Queue size should be higher than the number of core threads. If we were to make the queue size 3, what would end up happening is:
T0: all three threads are doing work, the queue is empty, no permits are available.
T1: Thread 1 finishes, releases a permit.
T2: Thread 1 polls the queue for new work, finds none, and waits.
T3: Main thread submits work into the pool, thread 1 starts work.
The example above translates to thread the main thread blocking thread 1. It may seem like a small period, but now multiply the frequency by days and months. All of a sudden, short periods of time add up to a large amount of time wasted.
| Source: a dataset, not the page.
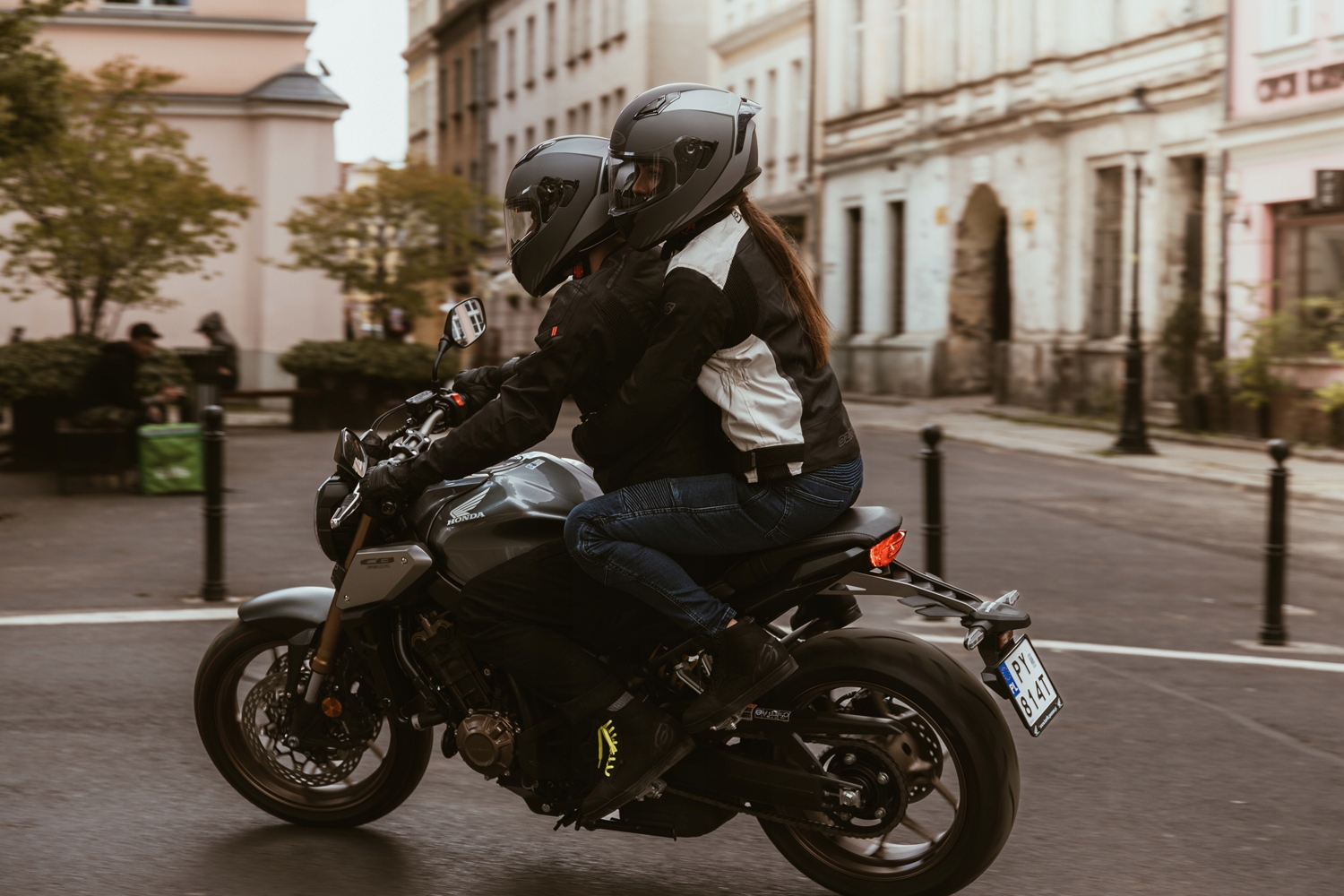 Безопасность мотоциклиста в случае падения обеспечивают вышеупомянутые сертифицированные наколенники, размещенные в легкодоступных карманах. Важно отметить, что легкий и быстрый доступ к протекторам обеспечивают внешние молнии (спрятанные под клапанами), что позволяет быстро и легко снять их, не снимая штанов, например, после поездки на работу. В свою очередь, примесь

This is what I ended up doing:
int NUM_THREADS = 6;
Semaphore lock = new Semaphore(NUM_THREADS);
ExecutorService pool = Executors.newCachedThreadPool();
for (int i = 0; i < 100000; i++) {
try {
lock.acquire();
} catch (InterruptedException e) {
throw new RuntimeException(e);
}
pool.execute(() -> {
try {
// Task logic
} finally {
lock.release();
}
});
}
A fairly straightforward option is to wrap your BlockingQueue with an implementation that calls put(..) when offer(..) is being invoked:
public class BlockOnOfferAdapter<T> implements BlockingQueue<T> {
(..)
public boolean offer(E o) {
try {
delegate.put(o);
} catch (InterruptedException e) {
Thread.currentThread().interrupt();
return false;
}
return true;
}
(.. implement all other methods simply by delegating ..)
}
This works because by default put(..) waits until there is capacity in the queue when it is full, see:
/**
* Inserts the specified element into this queue, waiting if necessary
* for space to become available.
*
* #param e the element to add
* #throws InterruptedException if interrupted while waiting
* #throws ClassCastException if the class of the specified element
* prevents it from being added to this queue
* #throws NullPointerException if the specified element is null
* #throws IllegalArgumentException if some property of the specified
* element prevents it from being added to this queue
*/
void put(E e) throws InterruptedException;
No catching of RejectedExecutionException or complicated locking necessary.
Here is my code snippet in this case:
public void executeBlocking( Runnable command ) {
if ( threadPool == null ) {
logger.error( "Thread pool '{}' not initialized.", threadPoolName );
return;
}
ThreadPool threadPoolMonitor = this;
boolean accepted = false;
do {
try {
threadPool.execute( new Runnable() {
#Override
public void run() {
try {
command.run();
}
// to make sure that the monitor is freed on exit
finally {
// Notify all the threads waiting for the resource, if any.
synchronized ( threadPoolMonitor ) {
threadPoolMonitor.notifyAll();
}
}
}
} );
accepted = true;
}
catch ( RejectedExecutionException e ) {
// Thread pool is full
try {
// Block until one of the threads finishes its job and exits.
synchronized ( threadPoolMonitor ) {
threadPoolMonitor.wait();
}
}
catch ( InterruptedException ignored ) {
// return immediately
break;
}
}
} while ( !accepted );
}
threadPool is a local instance of java.util.concurrent.ExecutorService which has been initialized already.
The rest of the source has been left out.